### [BRIEF]
Please reproduce the lines of the records below from the one holding "今日の給食は、節分の行事献立" through the one holding "8月0.9% → 9月2.7%と、真夏の8月に極端な需給逼迫が予測されています。", inclusive, skipping all pictures.

### [INFORMATION GIVEN]
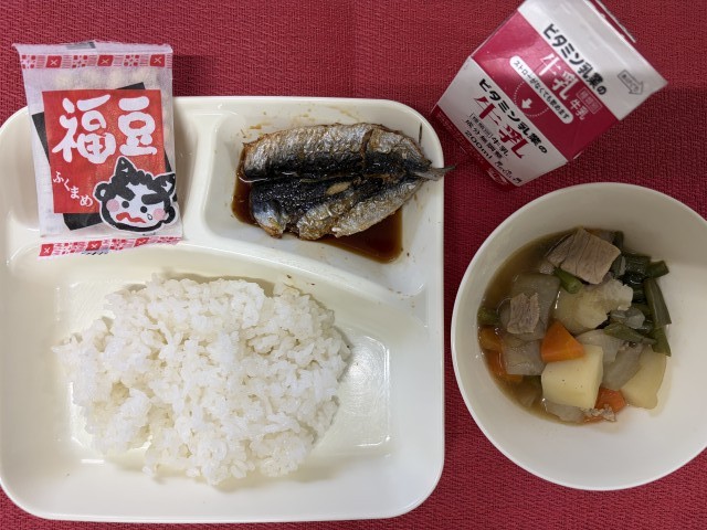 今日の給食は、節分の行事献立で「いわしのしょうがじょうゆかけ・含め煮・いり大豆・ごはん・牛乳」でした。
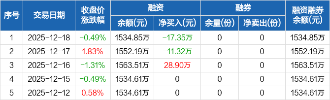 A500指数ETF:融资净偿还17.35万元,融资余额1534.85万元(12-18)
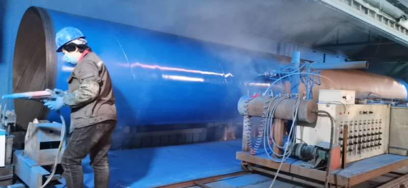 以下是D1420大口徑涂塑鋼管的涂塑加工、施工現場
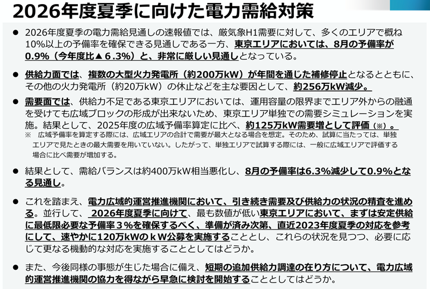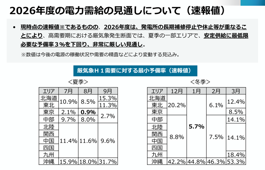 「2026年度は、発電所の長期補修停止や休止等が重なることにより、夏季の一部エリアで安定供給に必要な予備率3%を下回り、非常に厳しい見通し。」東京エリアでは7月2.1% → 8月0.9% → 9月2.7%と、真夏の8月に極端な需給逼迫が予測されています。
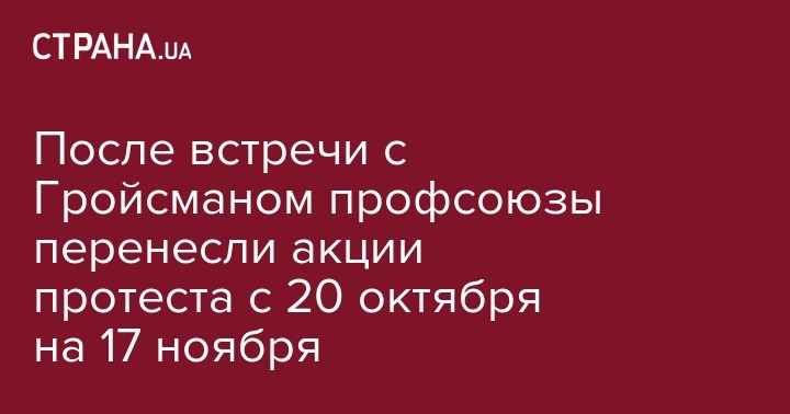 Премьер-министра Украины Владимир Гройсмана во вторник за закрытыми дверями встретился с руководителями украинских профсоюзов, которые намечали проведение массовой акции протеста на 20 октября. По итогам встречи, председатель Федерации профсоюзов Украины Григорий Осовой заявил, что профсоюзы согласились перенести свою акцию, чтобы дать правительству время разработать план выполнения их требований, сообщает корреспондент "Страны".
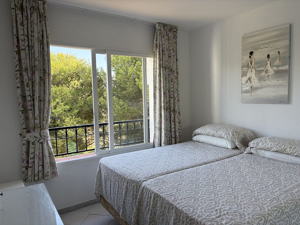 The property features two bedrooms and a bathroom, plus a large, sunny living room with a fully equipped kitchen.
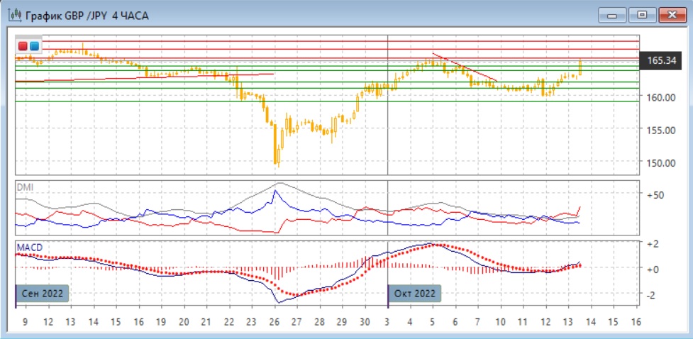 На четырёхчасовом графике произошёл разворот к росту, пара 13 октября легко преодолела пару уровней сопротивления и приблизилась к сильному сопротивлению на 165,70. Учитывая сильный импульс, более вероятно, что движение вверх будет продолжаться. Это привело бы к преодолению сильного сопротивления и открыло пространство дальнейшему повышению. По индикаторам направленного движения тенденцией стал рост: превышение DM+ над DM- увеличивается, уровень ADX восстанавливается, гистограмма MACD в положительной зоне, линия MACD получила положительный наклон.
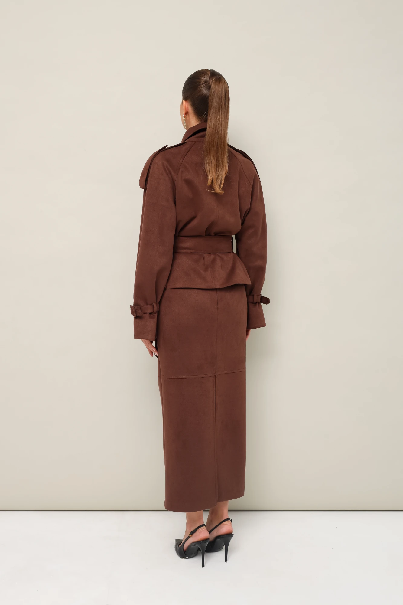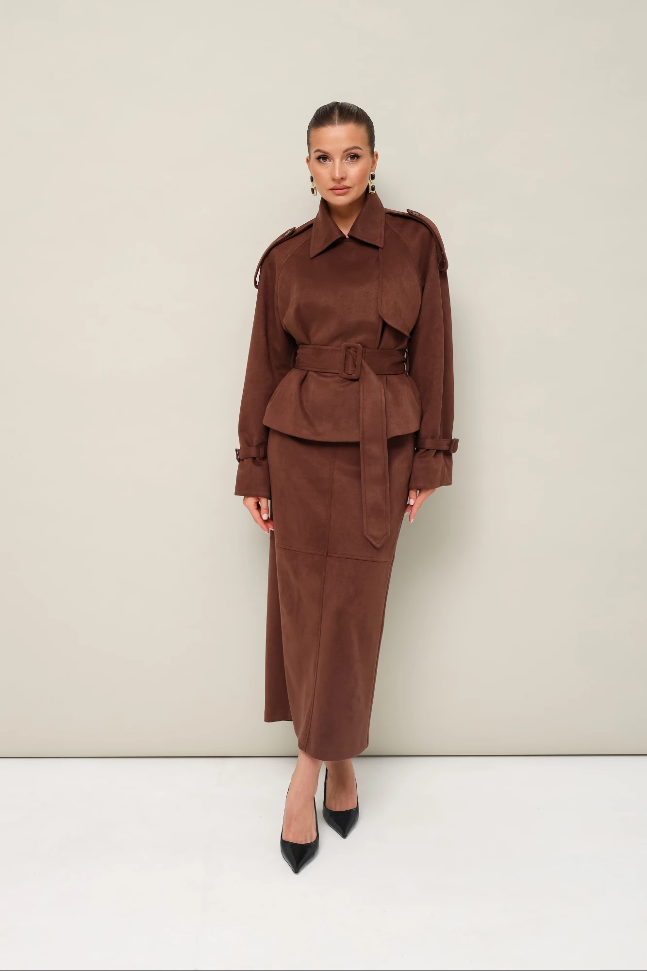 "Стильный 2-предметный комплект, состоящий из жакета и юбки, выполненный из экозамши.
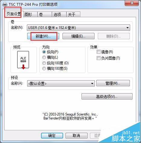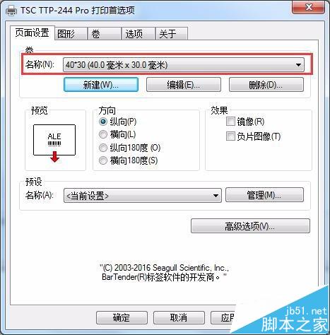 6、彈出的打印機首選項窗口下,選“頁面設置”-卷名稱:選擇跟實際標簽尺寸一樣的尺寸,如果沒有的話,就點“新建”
==
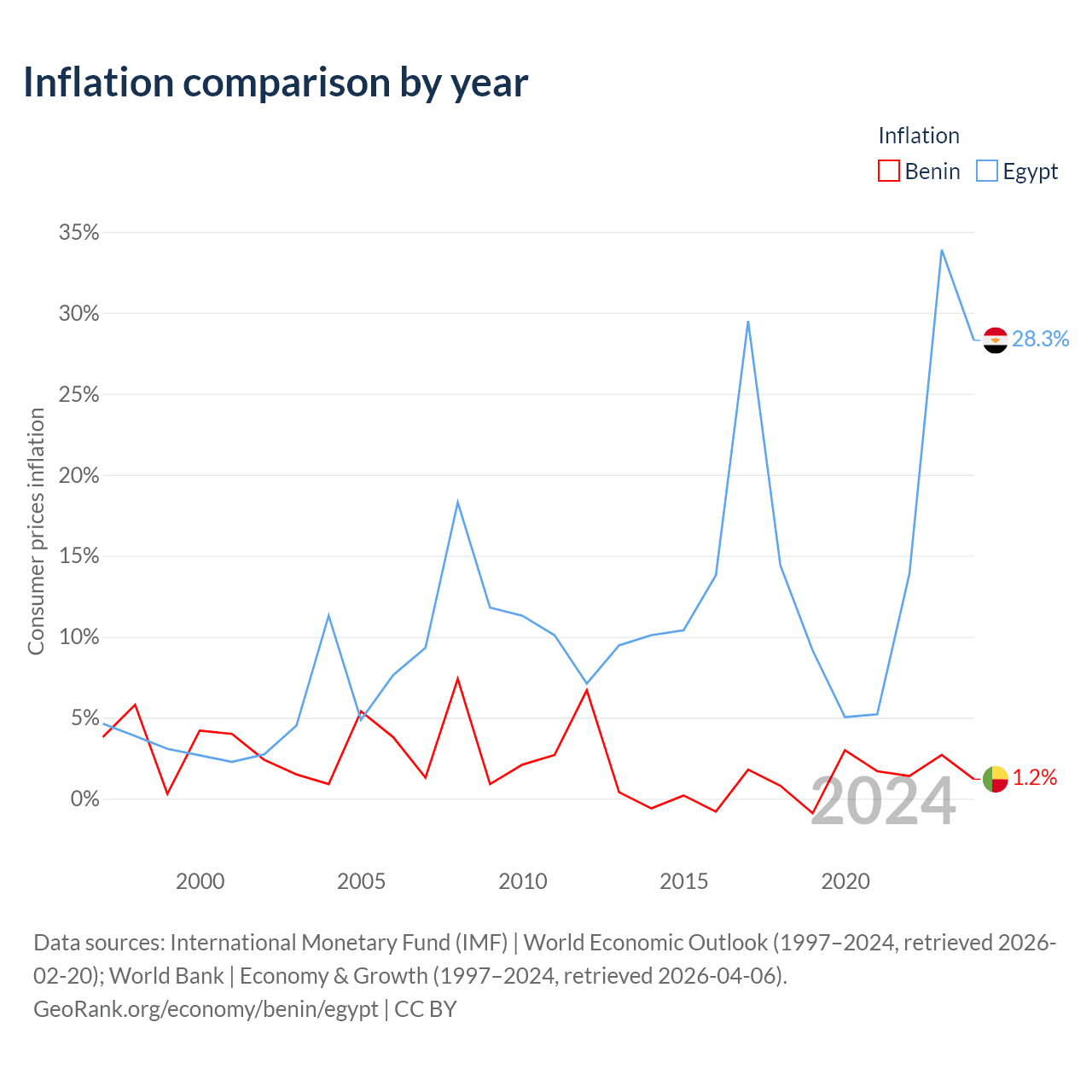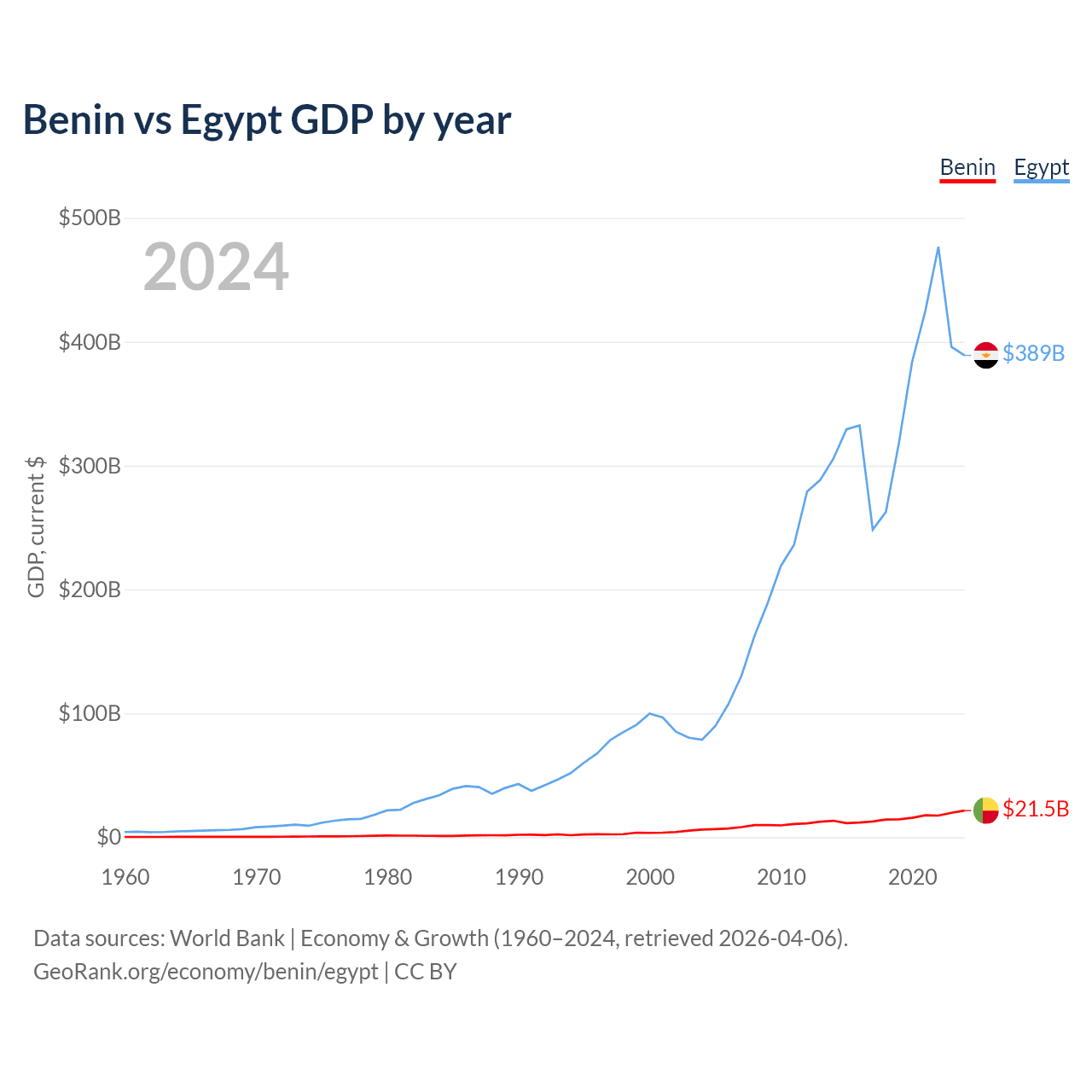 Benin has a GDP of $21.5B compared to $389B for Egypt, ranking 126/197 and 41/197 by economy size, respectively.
---
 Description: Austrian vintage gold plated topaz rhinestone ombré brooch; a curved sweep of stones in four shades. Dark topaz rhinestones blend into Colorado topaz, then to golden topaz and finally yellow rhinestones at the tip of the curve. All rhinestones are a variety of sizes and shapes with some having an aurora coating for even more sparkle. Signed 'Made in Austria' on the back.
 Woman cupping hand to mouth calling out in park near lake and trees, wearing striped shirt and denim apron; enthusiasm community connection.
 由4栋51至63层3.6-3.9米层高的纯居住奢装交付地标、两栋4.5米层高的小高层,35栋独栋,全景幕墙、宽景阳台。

### [TASK ANSWER]
 今日の給食は、節分の行事献立で「いわしのしょうがじょうゆかけ・含め煮・いり大豆・ごはん・牛乳」でした。
 A500指数ETF:融资净偿还17.35万元,融资余额1534.85万元(12-18)
 以下是D1420大口徑涂塑鋼管的涂塑加工、施工現場
 「2026年度は、発電所の長期補修停止や休止等が重なることにより、夏季の一部エリアで安定供給に必要な予備率3%を下回り、非常に厳しい見通し。」東京エリアでは7月2.1% → 8月0.9% → 9月2.7%と、真夏の8月に極端な需給逼迫が予測されています。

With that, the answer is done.